If we apply a steepest-ascent hill climbing, for example, we'll start at some random state, try and figure out how to solve the problem, and figure out what is the local maximum or local minimum we get to. And then we'll just randomly restart and try again, choose a new starting configuration, try and figure out what the local maximum or minimum is, and do this some number of times. And then after we've done it some number of times, we can pick the best one out of all of the ones that we've taken a look at. So there's another option we have access to as well. 

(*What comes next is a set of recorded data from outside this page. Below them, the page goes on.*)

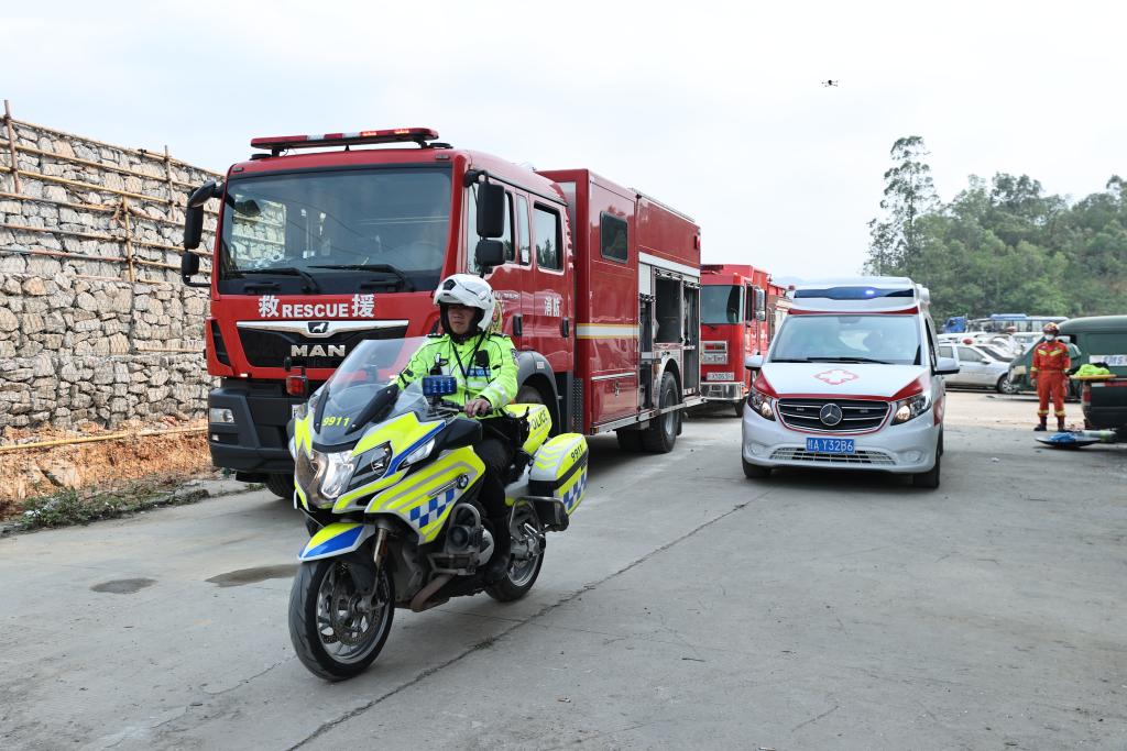 “警卫医消”联动机制道路交通事故现场应急救援综合演练现场。(受访者供图)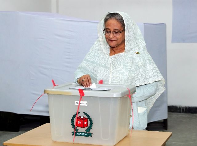 哈西娜是孟加拉国国父穆吉布·拉赫曼之女。她30日在达卡投票后说:“选民将给我们再次为他们服务的机会,我们可以保持国家的发展势头、带领孟加拉国向前发展。”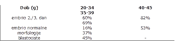 Tablica 2.Učestalost kromosomskih nenormalnih zametaka u IVF-u ovisno o dobi

And then, although I said the generally local search will usually just keep track of a single node and then move to one of its neighbors, there are variants of hill climbing that are known as "local beam searches" where, rather than keep track of just one current best state, we're keeping track of k highest-valued neighbors, such that rather than starting at one random initial configuration, I might start with three, or four, or five, randomly generate all the neighbors, and then pick like the three, or four, or five best of all of the neighbors that I find and continually repeat this process with the idea being that now I have more options that I'm considering and more ways that I could potentially navigate myself to the optimal solution that might exist for a particular problem. 

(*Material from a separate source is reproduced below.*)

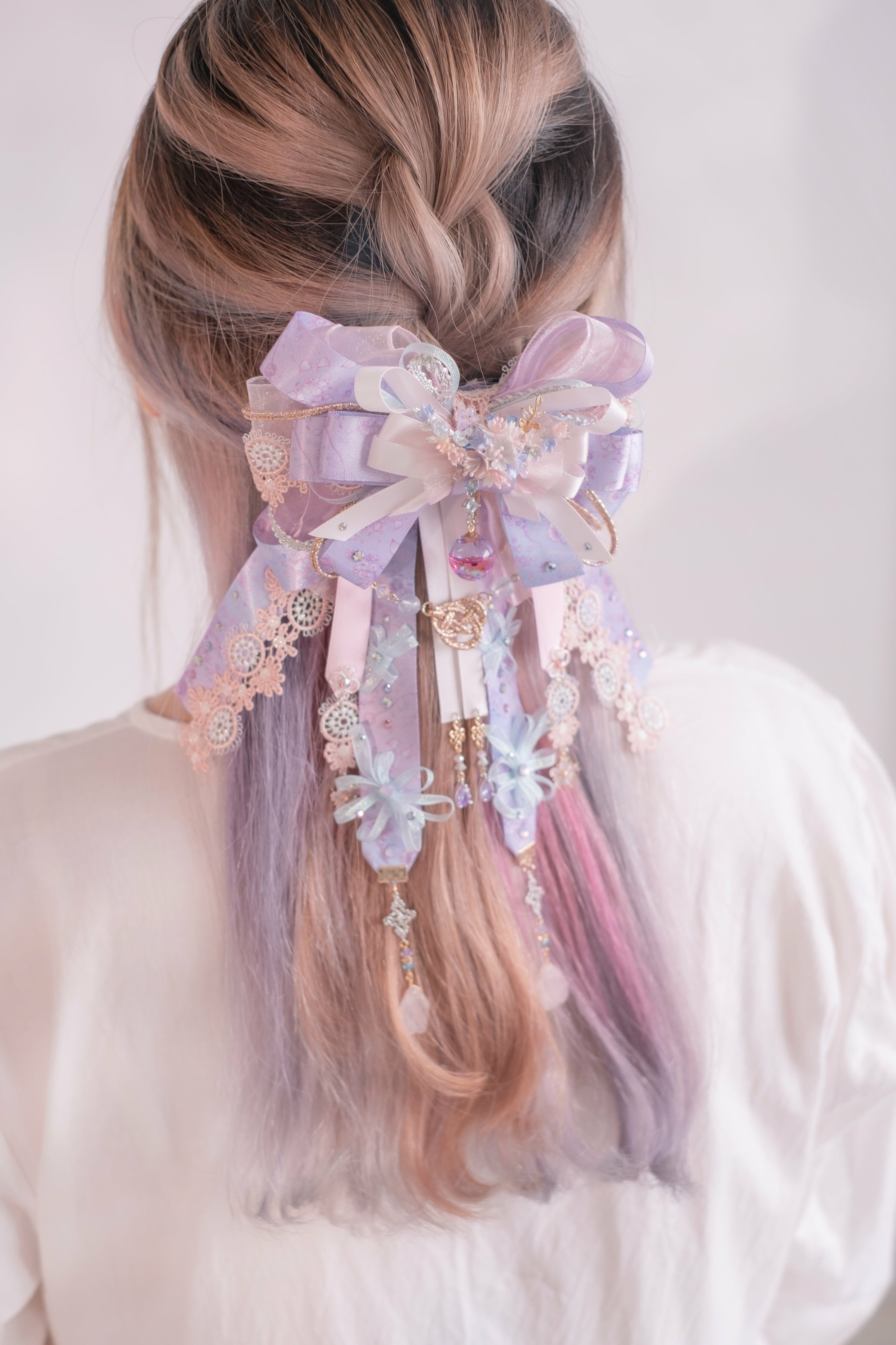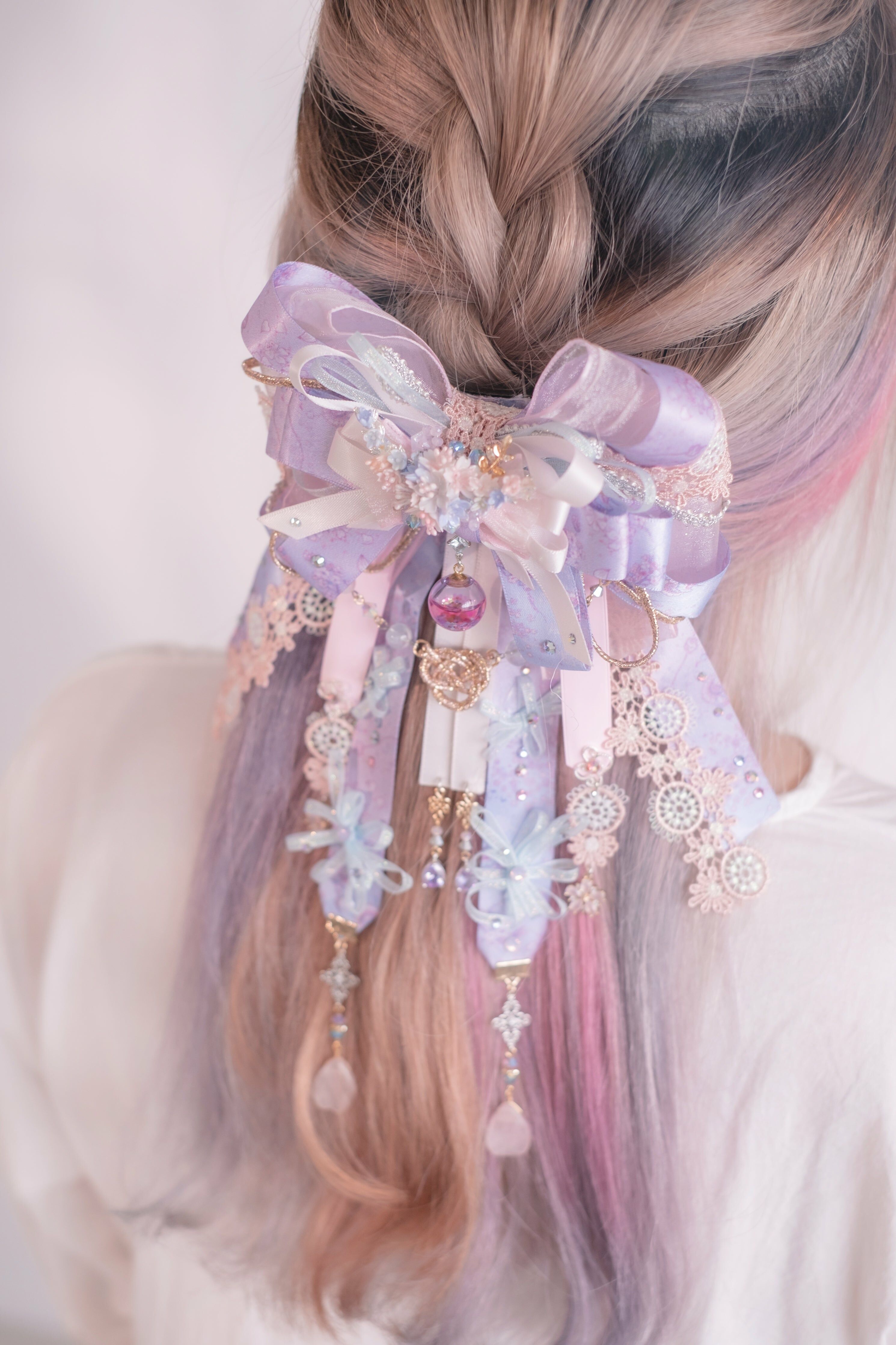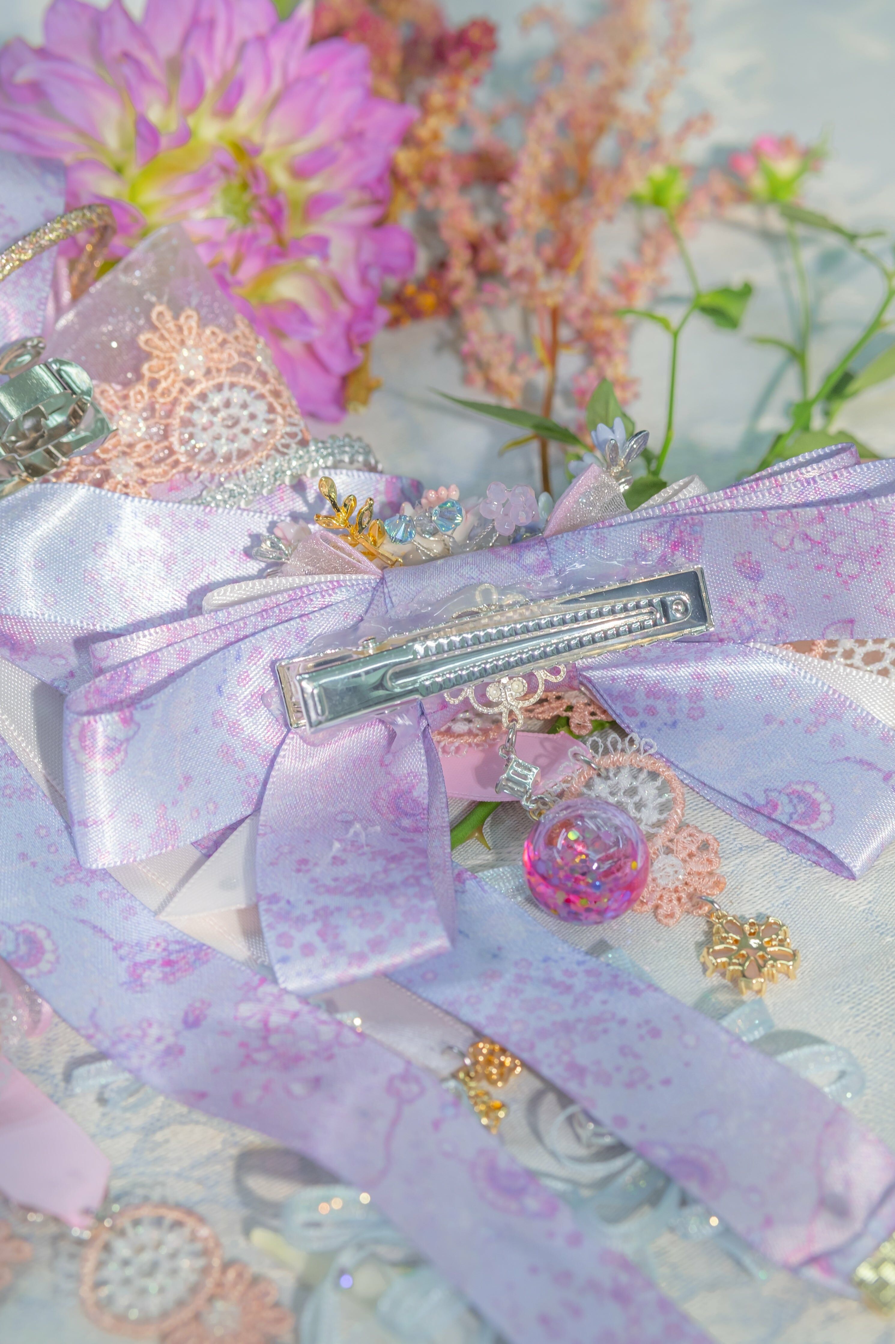 (the large ribbon base is a barrette Carrie Clip while the small detachable bow is a duckbill clip)

So let's now take a look at some actual code that can implement some of these kinds of ideas, something like steepest-ascent hill climbing, for example, for trying to solve this hospital problem. So I'm going to go ahead and go into my hospital's directory where I've actually set up the basic framework for solving this type of problem. I'll go ahead and go into hospitals.py, and we'll take a look at the code we've created here. 

I've defined a class that is going to represent the state space. So the space has a height, and a width, and also some number of hospitals. So you can configure, how big is your map? How many hospitals should go here? We have a function for adding a new house to the state space and then some functions that are going to get me all of the available spaces for if I want to randomly place hospitals in particular locations. 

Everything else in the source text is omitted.